### WHAT YOU ARE ASKED TO DO:
Transcribe all of the data exactly. Omit the pictures.

### DATASET EXTRACT:
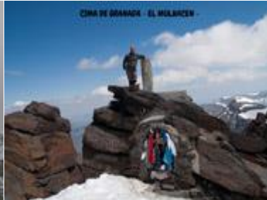
CIMA DE GRANADA - EL MULHACEN -
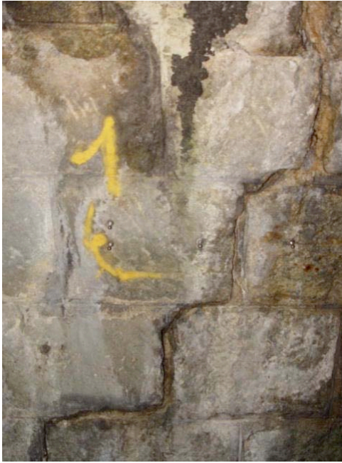
Tunnel de Poggio

Fissure transversale millimétrique instrumentée

### TASK RESULT:
CIMA DE GRANADA - EL MULHACEN -
Tunnel de Poggio

Fissure transversale millimétrique instrumentée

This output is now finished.